Wednesday, October 7, 2009

Sometimes the strangest things can trigger a story . . .

. . . as in today when I was driving to the law school to pick up cute husband and jamming with the windows down to Sirius radio, channel 18, The Spectrum.  A kind of country-ish, kind of Lou Reed-ish song came on and frankly for most of it I was making fun of it in my head: what is this crap? why is there no more good music being made?  I wish I was in the 60s . . .

. . . until the following line of the song: My divorce papers will have gone through by then.

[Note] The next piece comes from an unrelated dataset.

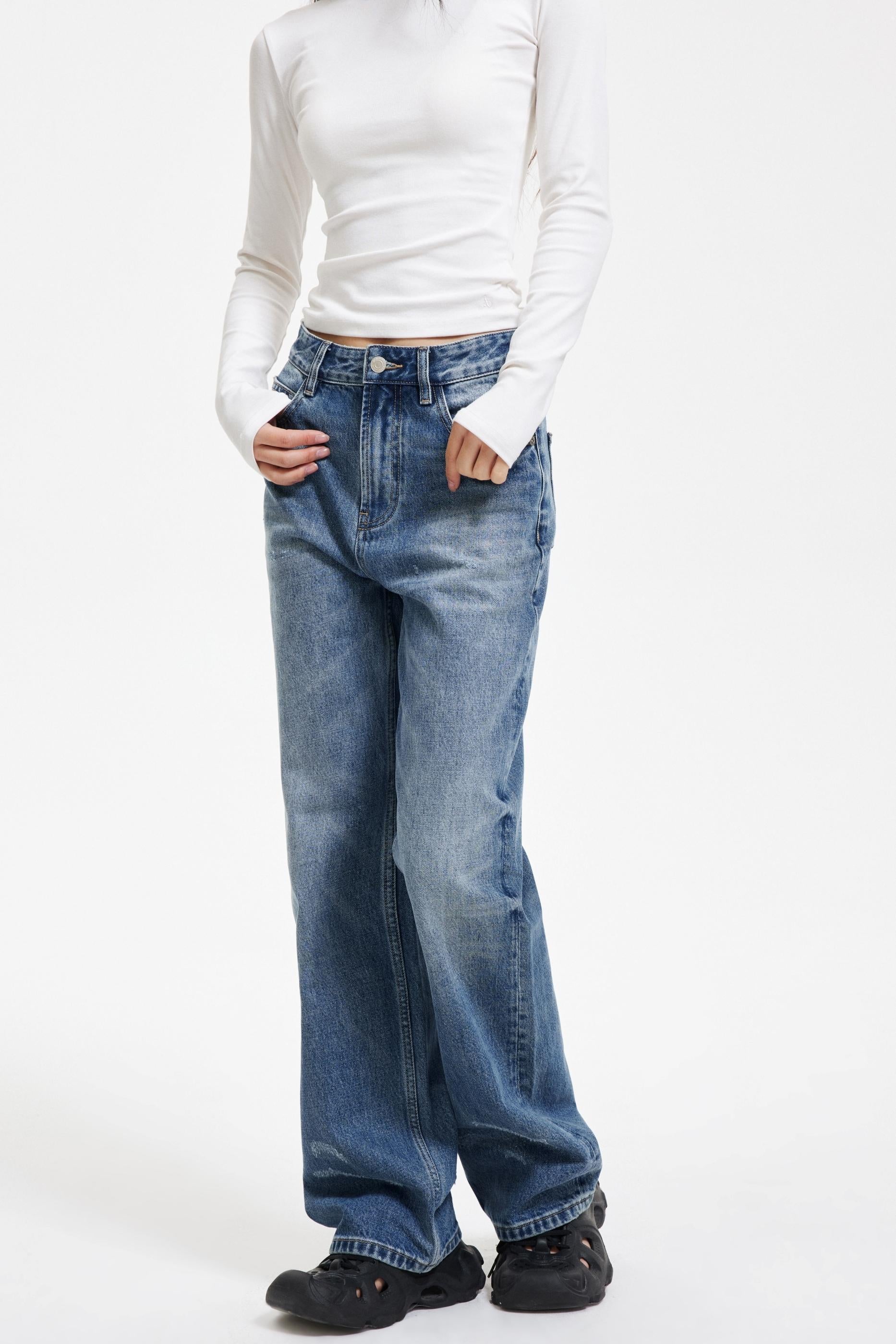 Washed Blue Ripped Denim Pants

Not exactly lyrical genius, but sometimes a single line can create some imagery, whether or not the imagery was intended.  For me, I immediately saw a man in jeans and a scruffy shirt driving down the highway in the dead of night, finally set free by his divorce papers.  He was going towards a woman, I knew that much, but I didn't know if he was in love with her, if she was an old friend, maybe even his estranged sister or his brother's widow.  All I could see was this man, his eyes steady on the road ahead of him, his head clear because he knew his destination and was filled with relief to finally be on the road towards it.  His only thought was, it's only a matter of time now . . .

Moments like these are great for us writers because for a moment the wall (I've always pictured writer's block as the Berlin Wall, wherein the story waiting to be told is West Germany and I am a starving East German slumped against the wall) gets whacked and a few bricks or even just a few flecks of concrete fall to the ground and there's a place to start hitting with a hammer with hopes of, in the words of The Doors, break[ing] on through to the other side.

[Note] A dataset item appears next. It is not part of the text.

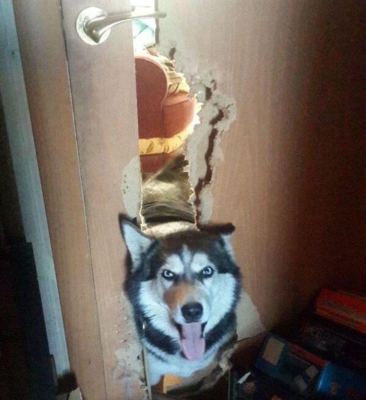 «Прихожу я такой домой с работы, а там сюрприз. Видимо, собака решила, что ей места в коридоре мало, и постаралась пробраться в запертую комнату»

Last week I wrote a little bit about characters, how we can see something or hear something and suddenly a person appears to us and out of our wonder and curiosity is born a tale.  Sometimes when I sit down to write and I'm feeling completely blocked and every character I think of is either contrived or a knock off, I take a deep breath and think of it like this: There are hundreds of characters possibly floating around up there in my head.  The man in the truck driving across the night to whomever is waiting for him; the store clerk closing up for the night, dreaming a simple but out-of-reach dream as she does so; the teenage boy picking up his best friend on a Friday evening; the mom who waits; and the daughter who chooses not to call.  They're all up there!  They're living their lives up there and making their choices and sending their worlds spriraling all over the place, or even just keeping them sadly stagnant.  So when I sit down to write, all I have to do is find them and write down how they're doing.

The work of writing out their stories--figuring out where that man with newly signed divorce papers is headed and why it's so important for him to get there--is always tedious and sometimes long.  But to me those adjectives don't have to be bad.  The minutiae of lives and the day in and day out and what it all adds up to in the end, those things are worth plumbing the depths for.

My favorite writing quote of all time is from E.L. Doctorow:

Writing is like driving at night in the fog. You can only see as far as your headlights, but you can make the whole trip that way.
And so I drive.  And the man with the divorce papers drives.  And maybe our cars pass on the highway.